Survival Analysis Flashcards
Survival Time
- Time to an event
- The time starting from a defined point to the occurrence of a given event
Events for the end of survival time include
death disease occurrence disease recurrence recovery other experience of interest
Special features in survival time data
- rarely normally distributed
- often skewed
- typically with many early events and relatively few late ones
Censored Observations
Those who have not yet reached the terminal event by the end of the study.
In censored observations, why might information about a pt’s survival time be incomplete?
- pt hasn’t experienced event by end of study
- pt lost to follow up during study period
- pt experiences different event to make further follow up impossible
Issues with censored observations in analysis
these censored survival times will underestimate the true (but unknown) time to the event because it will occur beyond the end of the study.
Kaplan-Meier Curve
- visualize estimate of survival over time
- shows probability of an event at a certain time interval
- x-axis for time, y-axis for ‘proportion surviving’

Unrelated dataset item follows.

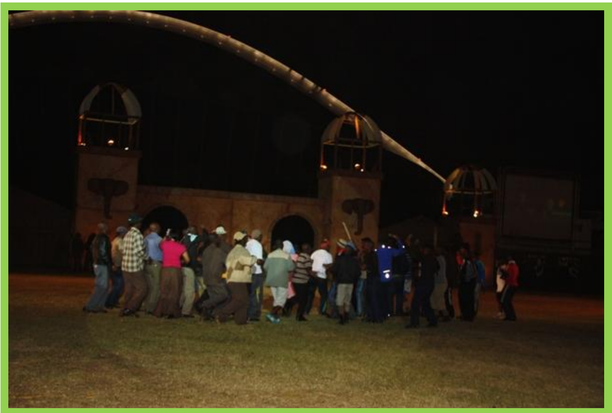
Crowd control re-enactment during the 2013 KZN Military Tattoo

- step function, as the cumulative survival remains the same until the day another person experiences the event
Kaplan-Meier Curve Censored Data
x-axis: time
y-axis: ‘proportion surviving’
-step function
-censored observations indicated on K-M curve as “tick marks”
-censored observations do not terminate the interval
Kaplan-Meier Curve for 2 Groups
Visualizes the difference between two survival curves. Can be used to compare treatments.
Median Survival Time
estimated as small survival time for which survival function is less than or equal to 0.5
How can you estimate the Median Survival Time?

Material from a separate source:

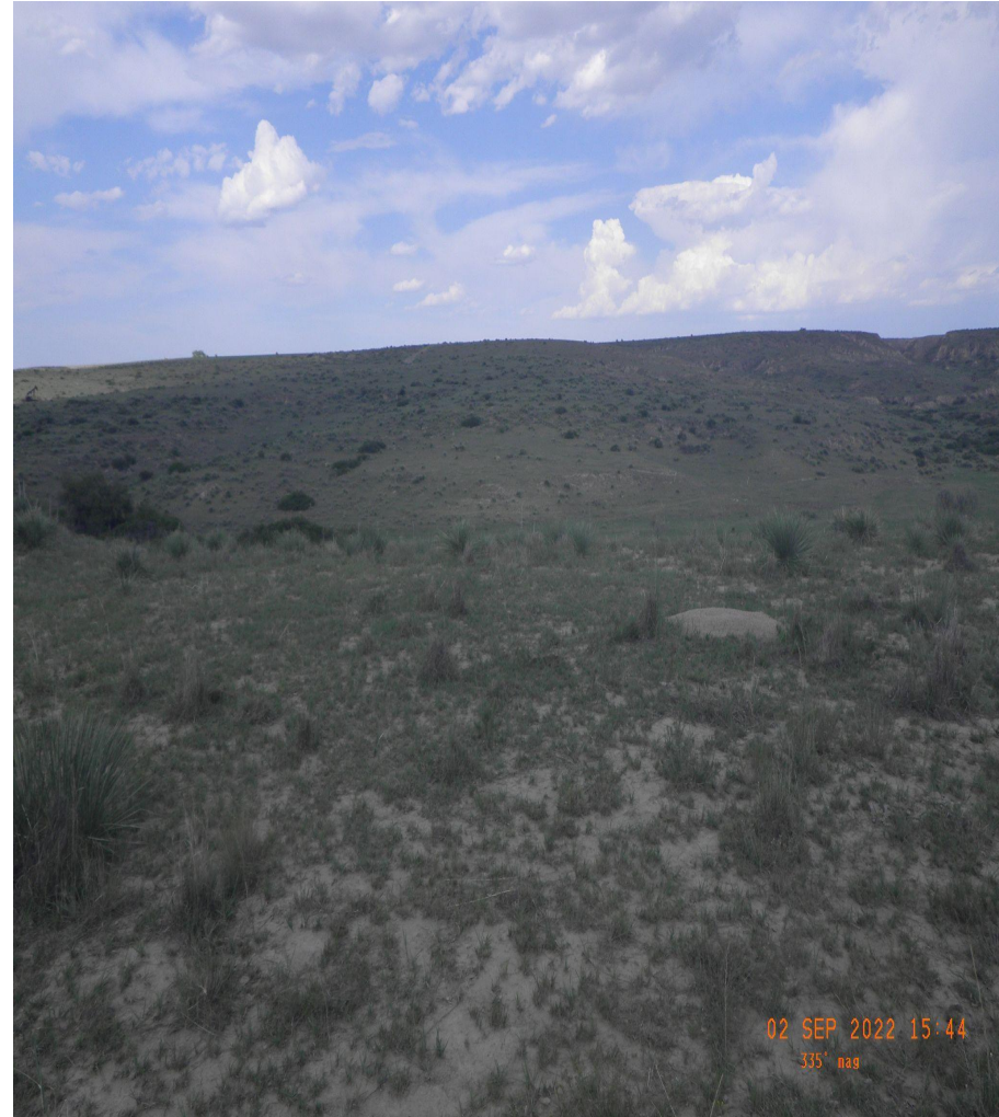
Photo 4. Cardinal photos taken from the middle of the well pad. Left photo facing south, right photo facing west.

- find the 50% mark on the proportion axis
- drawing a horizontal line at 50% to find the crossing point with the K-M curve
- drawing a vertical line at the crossing point down to the time axis to read time
Mean Survival Time
- area under survival curve
- may not be best estimate for sample of survival times, highly skewed
- median typically better measure of central location than mean
Hazard Rate
- measure of how often an event happens in one group compared to another
- in clinical trials, measures survival point at any point in time in a group given treatment vs control
- can be estimated as being a slope of a K-M curve
Interpreting Hazard Ratio
HR = 1
the event rates are the same in both groups
Interpreting Hazard Ratio
HR >1
the event rate in the treatment group is faster than in the control group
Interpreting Hazard Ratio
HR < 1
event rate in treatment group is slower than in the control group
Log-Rank Test
Compares two or more samples with survival data in presence of censored observations
How can a log-rank test fail
if two curves cross (no statistical power)
Assumption of Log-Rank Test
Hazard Rates of the groups to compare must be proportional
Limitations of Log-Rank Test
- We can only test one variable at a time
- can’t control for potential confounders
- can’t control for other potential risk factors
- can’t include interaction terms
Cox Proportional Hazard Model
Most commonly used method comparing two or more samples with survival data in presence of censored observations
T/F: Cox model can accommodate only one confounding variable
False
can accommodate any number of confounding variables
T/F: Cox Model provides the estimate of Hazard Rate with its associated 95% Confidence Interval
True
Assumption of Cox Model
The ratio of the hazard functions for any two observations does not vary with time.